Walk for Shea is April 27

Walk for Shea is April 27

Shea Megale's positive attitude is due in great part to her parents, Larry and Megan, of Virginia Run. Shea, 7 1/2, makes her way in a wheelchair, but leads as full a life as can be.

"We tell her she's the same as everyone else," said her mother. "Everyone has things they can't do — she can't walk, I can't sing."

But she can, and will, lead the way Sunday, April 27, during the Sixth Annual Walk for Shea Megale. It's a 5K walk funding research for what put her in a wheelchair — SMA (spinal muscular atrophy), a rare and terminal form of muscular dystrophy which has no cure.

The event begins at 9 a.m. at the Virginia Run Community Center, at Pleasant Valley Road and Wetherburn Court, off Route 29 in Centreville. And it will be held, rain or shine.

Registration forms are available at the community center at 15355 Wetherburn Court, Centreville, VA 20120, phone 703-818-0052, or e-mail Mo Nieves at Kellex@aol.com. Cost is $5 for adults and $3 for children; strollers and friendly dogs are welcome.

Shea's the youngest of the Megale children; sister Kelley, 13, is a Stone Middle seventh-grader, and brother Matthew, 12, is a sixth-grader at Virginia Run Elementary, where Shea is in second grade. And the whole Megale family will participate in the fund-raiser.

"We'll all be there, running alongside Shea," said her mom. "She puts her wheelchair on top speed, and there she goes. No one can keep up with her."

Last year's event attracted nearly 500 walkers and raised almost $11,000, and Nieves wants to increase this year's proceeds to at least $13,000. "We would like to see many more people turn out for this wonderful cause," she said. The hope is that a cure might be found in time to save Shea's life and the lives of others like her.

"The National Institute of Health is distributing its grant funds in the next six months, and SMA is one of the diseases it's considering," said Megan Megale. "Right now, it's only funded by the parents."

Proceeds from the walk go to Families of SMA and are then given to the handful of scientists, worldwide, working on finding a cure. Donations may be made to Families of Spinal Muscular Atrophy, P.O. Box 196, Libertyville, Ill. 60048.

Meanwhile, within the next two or three years, Shea will have to undergo an operation for the severe curvature of her spine. "But it'll stop her growth, so we're trying to hold off as long as possible," said Megale. For now, Shea wears a body brace during the day.

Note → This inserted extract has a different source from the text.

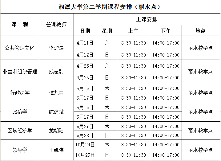 湘潭大學(xué)MPA課程安排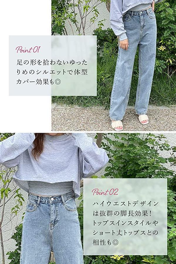 ハイウエストで腰の位置が高くなるため脚長&スタイルアップ効果もgood。。

"It's very uncomfortable and there's a lot she can't do, so we try to alter whatever the kids are doing to enable her to do it, too," said Megale. Sometimes, it's not possible, and she won't be invited to birthday parties where the guests will be roller skating. But we focus on the 'cans' — what she can do."

Shea has physical therapy and water therapy each week and especially likes to swim. She also loves traveling and, since four of her aunts live in New York, her family visits there often. "We see Broadway shows — 'The Lion King' is her favorite — she's seen it three times," said Megale. "And New York is her favorite city because everything is accessible to her — all the buses have lifts."

She also enjoys putting together Playmobil animals and people, exploring and playing with her friends and siblings. Still, said Megale, "It's harder for her, now that she's older and more aware of [being excluded from things]." Dad Larry coaches Centreville High's lacrosse team, Matthew and Kelley play SYA sports, and "Shea realizes she's never going to be part of a team."

So her parents try to keep her feeling as accepted as possible. And on the whole, said Megale, "She never looks at the cup as half-empty. She's a pleasure to have around — she's a gift."

And this year, for the first time, Shea's going to the Muscular Dystrophy Association's summer camp in Leonardstown, Md. It begins June 24 and lasts a week. "She's excited that there's going to be all kids in wheelchairs — she's packing already," said Megale.

There's a lake, handicap cabins and games the children will be able to do. And each child will have a volunteer to aid him or her. "Shea's psyched — she's ready to go," said her mom. "It'll be a wonderful week of camp for a regular kid."